The Tender Offer Statement and the
Solicitation/Recommendation Statement contain important information
that should be read carefully before any decision is made with
respect to the tender offer. Copies of the documents filed with the
SEC by Ironwood in connection with the offer may be obtained at no
charge on Ironwood’s internet website at
www.investor.ironwoodpharma.com. Copies of the documents filed with
the SEC by VectivBio in connection with the offer may be obtained
at no charge on VectivBio’s internet website at
https://ir.vectivbio.com/. In addition, all of those materials (and
any other documents filed with the SEC) are available at no charge
on the SEC’s website at www.sec.gov.
Cautionary Statement Regarding
Forward-Looking Statements
Certain statements in this press release may
constitute “forward-looking statements”. Forward-looking statements
may be typically identified by such words as “may,” “will,”

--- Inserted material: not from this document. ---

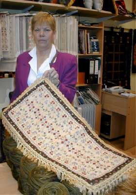 Carolina Ramírez bordó en esterilla delgada este Camino de Mesa de 40 x 120 cm. con pasamanería de fleco español en las puntas. |

“could,” “should,” “expect,” “anticipate,” “plan,” “likely,”
“believe,” “estimate,” “project,” “intend,” and other similar
expressions. These forward-looking statements are subject to known
and unknown risks and uncertainties that could cause our actual
results to differ materially from the expectations expressed in the
forward-looking statements. Although Ironwood and VectivBio believe
that the expectations reflected in the forward-looking statements
are reasonable, any or all of such forward-looking statements may
prove to be incorrect. Consequently, no forward-looking statements
may be guaranteed and there can be no assurance that the actual
results or developments anticipated by such forward looking
statements will be realized or, even if substantially realized,
that they will have the expected consequences to, or effects on,
Ironwood, VectivBio or their respective businesses or
operations.
Factors which could cause actual results to
differ from those projected or contemplated in any such
forward-looking statements include, but are not limited to, the
following factors: (1) the risk that the conditions to the closing
of the transaction are not satisfied, including the risk that
Ironwood may not receive sufficient number of shares tendered from
VectivBio shareholders to complete the tender offer prior to the
outside date set forth in the definitive agreement and the receipt
of required regulatory approvals; (2) litigation relating to the
transaction; (3) uncertainties as to the timing of the consummation
of the transaction and the ability of each of VectivBio and
Ironwood to consummate the transaction; (4) risks that the proposed
transaction disrupts the current plans and operations of VectivBio
or Ironwood; (5) the ability of Ironwood and/or VectivBio to retain
and hire key personnel; (6) competitive responses to the proposed
transaction; (7) unexpected costs, charges or expenses resulting
from the transaction; (8) potential adverse reactions or changes to
business relationships resulting from the announcement or
completion of the transaction; (9) the prospects, including
clinical development, regulatory approvals, and commercial
potential of apraglutide; (10) Ironwood’s ability to achieve the
growth prospects and synergies expected from the transaction, as
well as delays, challenges and expenses associated with integrating
VectivBio with its existing businesses; and (11) legislative,
regulatory and economic developments. The foregoing review of
important factors that could cause actual events to differ from
expectations should not be construed as exhaustive and should be
read in conjunction with statements that are included herein and
elsewhere, including the risk factors included in VectivBio’s
Annual Report on Form 20-F for the year ended December 31, 2022,
the risk factors included in Ironwood’s Annual Report on Form 10-K
for the year ended December 31, 2022 and Ironwood’s other filings
with the SEC (which may be obtained for free at the SEC’s website
at http://www.sec.gov). VectivBio and Ironwood can give no
assurance that the conditions to the transaction will be satisfied.
Neither VectivBio nor Ironwood undertakes any intent or obligation
to publicly update or revise any of these forward-looking
statements, whether as a result of new information, future events
or otherwise, except as required by law.